It won't hurt...
It may make your web feel better...
Be careful! Don't gulp it!
Please be aware of the tremendous differences between Java, a programming langauge, and JavaScript, a scripting language. Too often people use them interchangably. Java was developed by Sun Microsystems as a computer platform independent programming language for creating small applications, or "applets" that could be part of a web page as well as being a stand alone desktop program. Java applets are like small, self-contained programs, that you can use without seeing or even caring about what is inside of them (we will in a later lesson show you how to find and use Java applets).
The downside of Java is that to create your own applets, you must learn a pretty complex programming langauge or try to use some of the newer software tools that make the coding less difficult. The other downside is that many Java applets can take a disturbing amount of time to download and run, essentially stalling your web page until it "loads". (in our opinion, waiting to load a scrolling banner is not too many notches above the <blink> tag!)

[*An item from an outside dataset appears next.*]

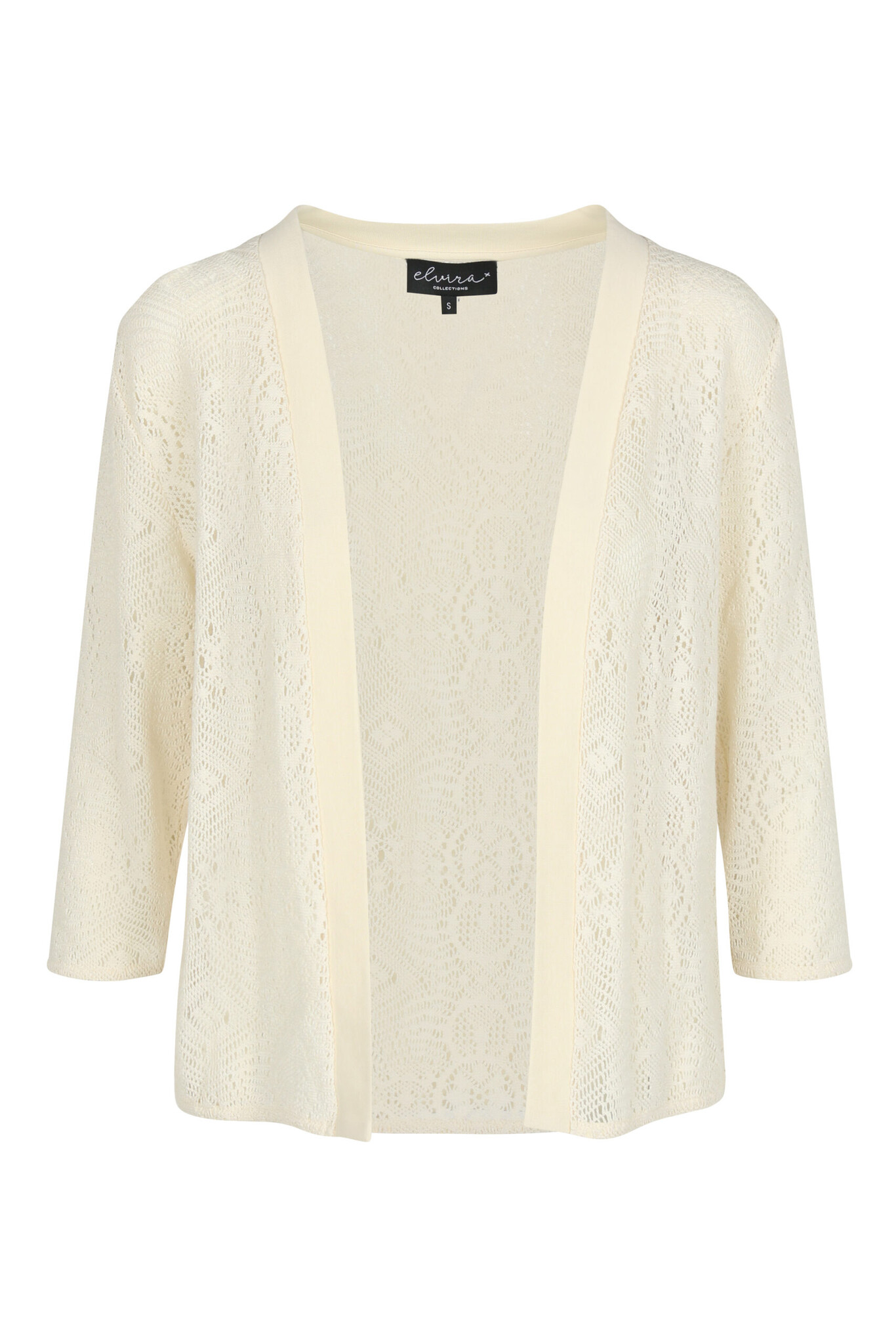 Elvira Collections Mila. Elvira Collections vest met 3/4-mouwen, een open model en een opengewerkt patroon.

Originally named "LiveScript", JavaScript was developed by NetScape as something quite different. It was renamed because of structural similarities to the Java programming language. To create JavaScript you simply type its commands interspersed with your HTML and the browser follows the commands as it tries to format the web page.
Hopefully by now you have a sense that as a web browser reads in the HTML code for a page, it starts assembling and displaying the page layout from the top down, so that as a page may partially display even as the browser is reading in the later parts of the HTML document. As each HTML code is read in the browser reacts and formats, without asking any questions.
When the web browser encounters some JavaScript code, it starts interpreting it line by line. But the JavaScript code can instruct the browser to do different things under different situations, or build in some functionality that is not set in motion until the user does something on a page. JavaScript can even create HTML content on the fly, so you can have it do something like print a different HTML message depending on what day of the week it is or changing the background to a random color every time you reload the web page.
So think about JavaScript as a way to add a little bit more brains to your web page. While not as difficult to learn as a pure programming langauge like Java, to use JavaScript is to take a step in complexity up from HTML formatting.
In this lesson we will learn a few small doses of JavaScript that you can use right away in web pages. in another lesson, we will see how it can be used to process your web page forms.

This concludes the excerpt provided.